Can you think of a company or a couple companies that would have been less interesting and investing in in the 1990s than Procter Gamble and McDonald's? Procter Gamble, being this great consumer brand giant that makes diapers and toothpaste and laundry detergent. And then of course, McDonald's being this real estate behemoth that also happens to sell an unfathomable amount of French fries and cheeseburgers. I assure you and I was, myself, investing in a younger person in the 1990s. The dot-com stuff that was firing up 100% every other week was what people were very focused on understandably so. And McDonald's and Procter Gamble were considered our grandparents types of companies.
But here's the thing, if you, right now, had been investing as a young person in the '90s in McDonald's, Procter Gamble, the dividend that you're getting now every single year is equal to 100% of what you would have paid for the stock at the beginning of the 1990s. Your year over year over year cash flow is at 100% yield on original investment in both McDonald's and Procter Gamble's case if you go back to the early '90s and there's different back testing and dates and so forth where you'll find that data.
So, yeah, certainly, I understand the argument for why there's a generational or cultural association with the way people may want to invest. But to me, a young person and an older person have this much in common even if they may have a lot of differences in their style and age and personality and whatnot. They're both investing for a return of cash in the future. And this is what I lead off the book with, talking about, is the Epiphany I had that all investors with zero exceptions are investing for the return of cash. Some may want the cash to come years and years after they've died. Some may want it over in periodic installments over a long period, maybe an endowment, maybe a retirement income, some may want it as a lump sum, I put in money here, and then I pull it out for college tuition there.
But the point being whether it's short-term, long-term, periodic or lump sum, nobody cares about investing for the sake of esoteric growth. You want Apple to go from 50 bucks to 500 bucks because you do at some point, either you or your posterity plan to sell the stock and have cash on hand or better yet, the recurrence of cash flow that the stock is generating. The fact of the matter is that younger people who had invested in utilities a generation ago versus the NASDAQ with all of its huge runs up and the Fang and the dot-com and all of the amazing things that have happened in this digital revolution, reinvesting dividends from the utility sector has generated a higher return over time than the NASDAQ.
Why do you favor dividends over stock buybacks?
The subject to share buybacks is in the press a lot these days. And this was perhaps one the most difficult chapters for me to write because I admittedly write a chapter in the book as to why I favor dividends as a capital return strategy over share buybacks. So, in a sense, it sounds like I'm one of those stock buyback critic guys. And yet, I hesitated to write it because the last thing I want to be associated with is the present era of critics in stock buybacks who happened to maybe be getting a couple conclusions right for entirely wrong reasons.

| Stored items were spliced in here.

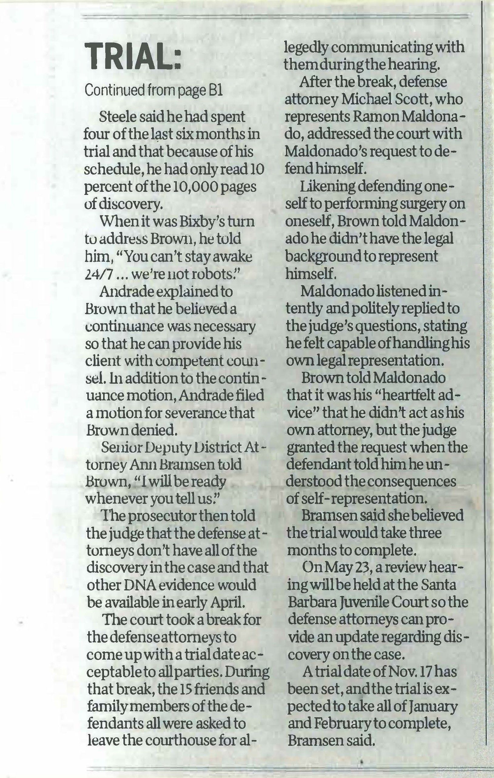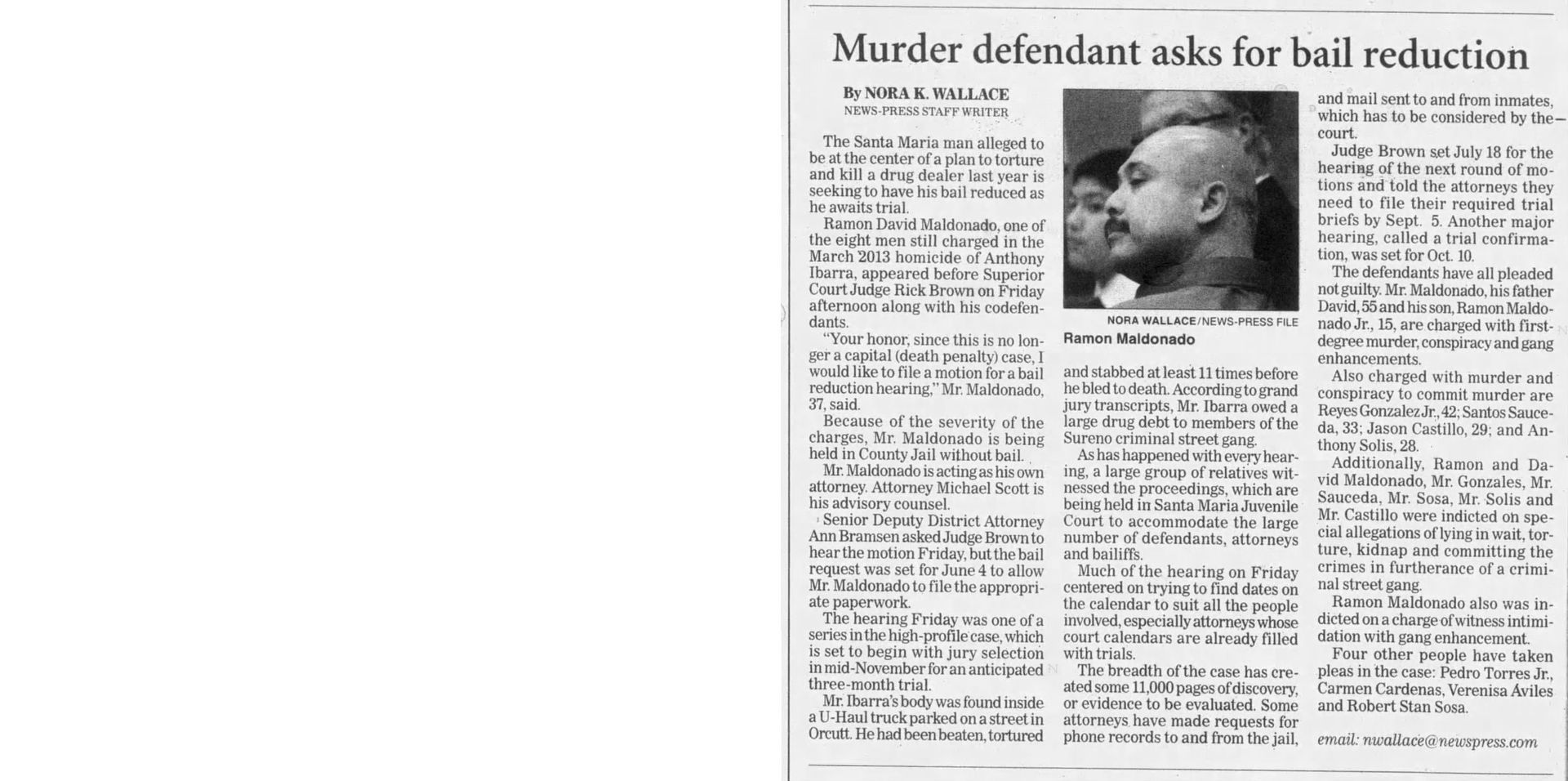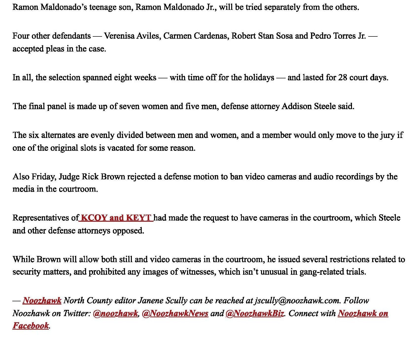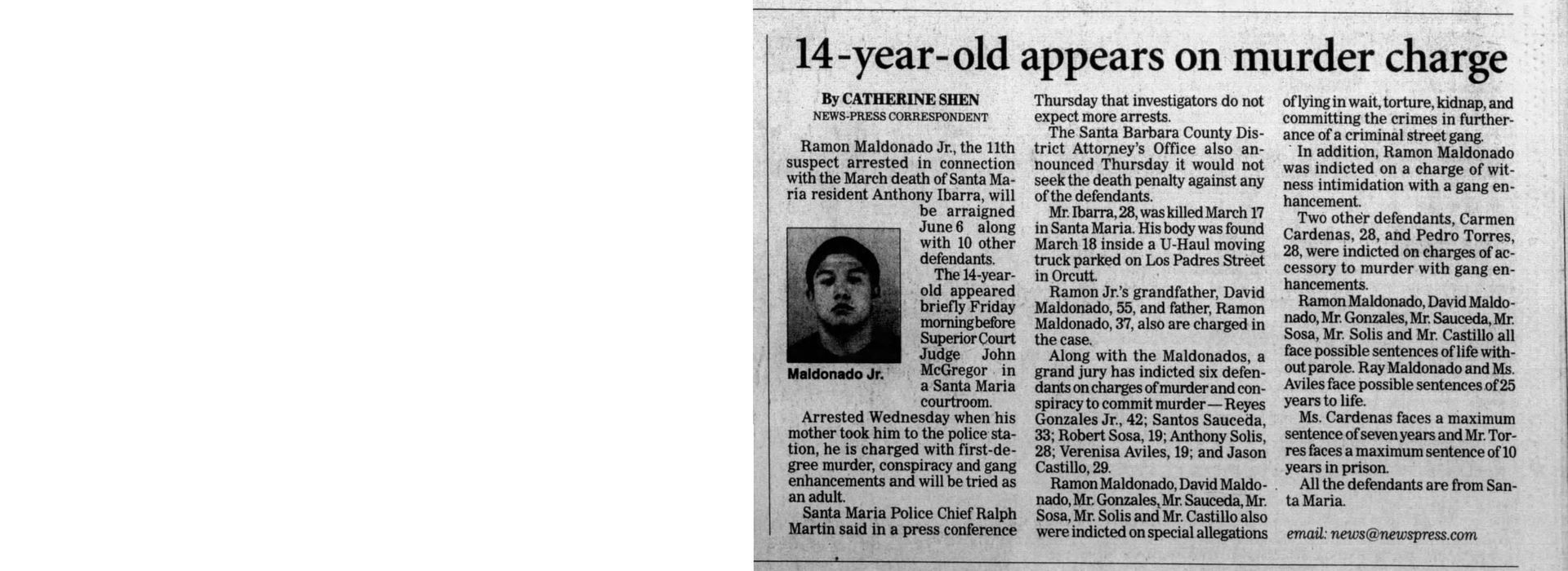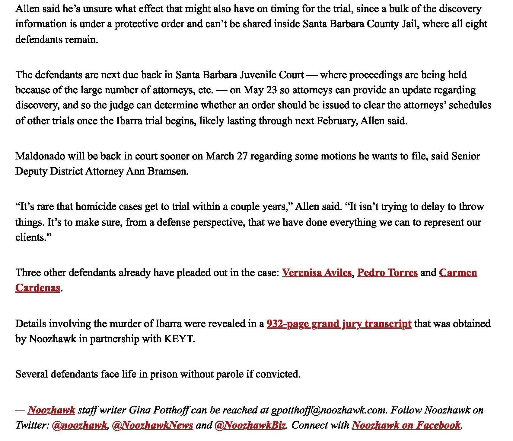 This was a particularly long and grueling murder trial. The press dubbed the case "The U-Haul Murder Trial" because the decedent's body was discovered in an abandoned U-Haul truck with his blood dripping out of the back of the truck. There were originally 13 co-defendants, not all of which were charged with murder. The plea negotiations parred it down to six co-defendants, all charged with murder, all with special circumstances that included torture and gang murder. All six defendants were facing LWOPP sentences. It was largest number of co-defendants in a murder trial ever in Santa Barbara County, and probably the state. There wasn't a courtroom in the county large enough for the trial. The largest courtroom in the county is at the Juvenile Court in Santa Maria, however it didn't have a jury box because juveniles do not have a right to a jury trial. The courtroom was modified by having a jury box built in it. However, even that was far too small for jury selection because of the several hundreds of prospective jurors would need to be called.
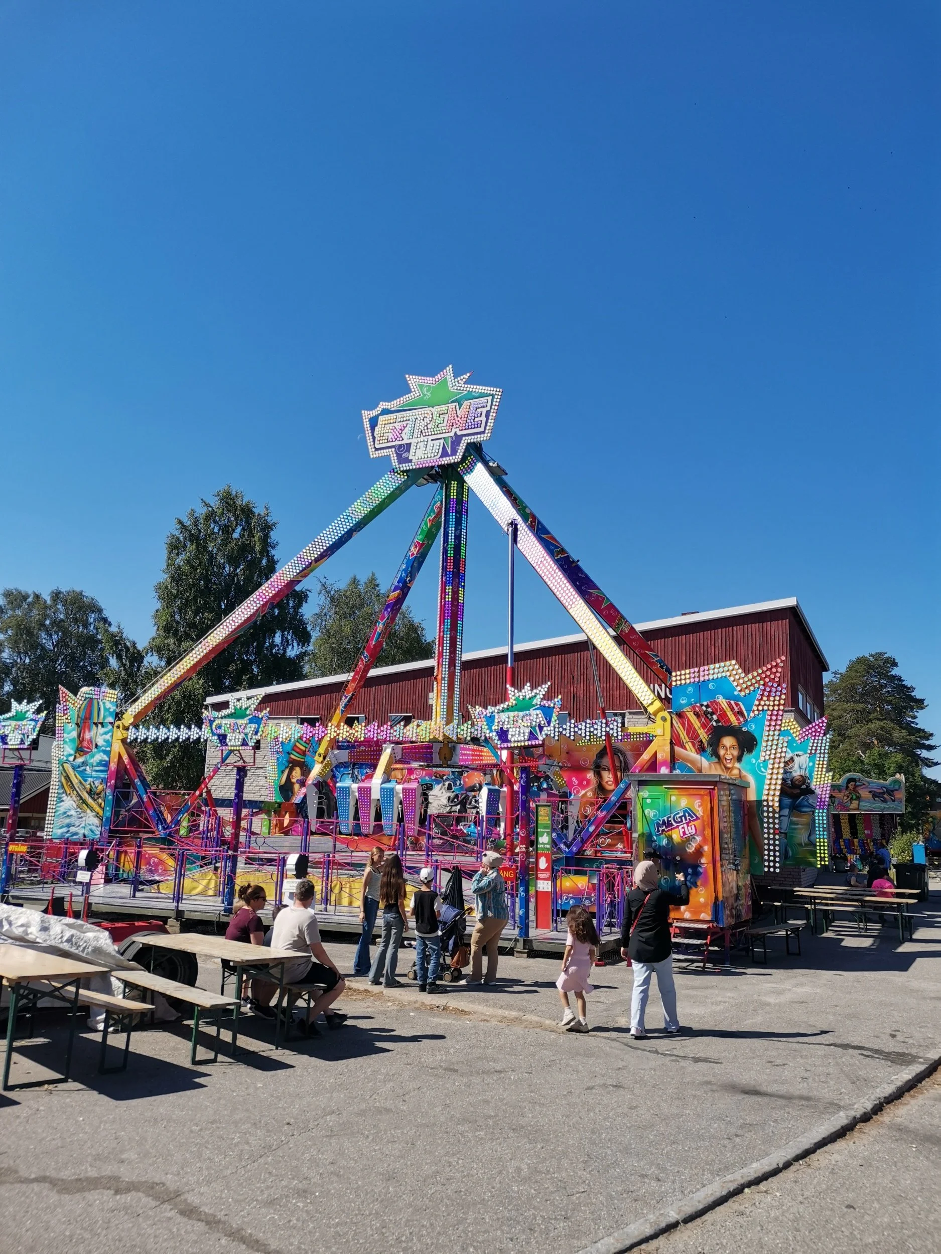 Iris var ikke hypp, og Evelin ville egentlig kun ta spøkelseshuset. Jeg tenkte det sikkert ville være minst like varmt som i beltevogna, og var egentlig heller ikke så hypp sjæl. “Du kan jo ta den alene, så venter vi her”. Jeg ville heller ikke risikere å bli sittende fast i ei av de smale trappene mellom planene på lastebilen. Jeg mener å huske en slik episode fra gammelt av.
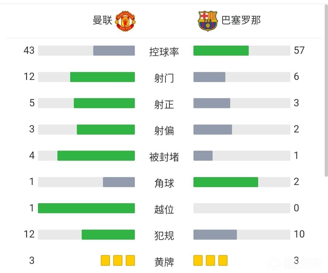 最终全场比赛结束,曼联2-1淘汰巴萨。
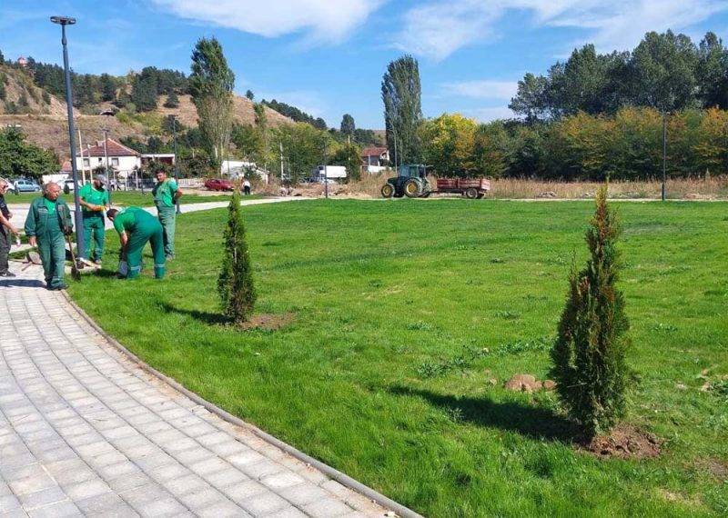 Екипи работеа на новиот парк кај “Довлеџик“ каде засадуваа зимзелени садници, за разубавување на ова ново уредено место.

So, I am not in the war on stock buybacks because I believe stock buybacks represent a means of returning cash to shareholders, when in fact, that money could be going into giving employees more wages. Now, maybe it could be going into giving employees more wages. I would like to think that the stewards of the business are responsible to make the decision as to how they can fairly adequately and in a motivating fashion compensate their employees. But we're all begging the question with this conversation, stock buybacks and dividends and any number of things a company can do with cash presuppose you've achieved your profits. You had your revenues, you had your expenses, and now there's profit. Hey, what do we do with it?
To say, don't do stock buybacks, go hire more people, go build another plant, go pay people more wages, well, that's just saying that let's not make as much profit as we did, let's make less profit. Okay, well, that's fine. You can make less profit, maybe they should, maybe they shouldn't. But my point is, we're talking about what one does with their profits. You already established, you have some degree of earnings as a company, now, what is the right thing to do in the stewardship of your corporate Treasury with the profits that you've generated?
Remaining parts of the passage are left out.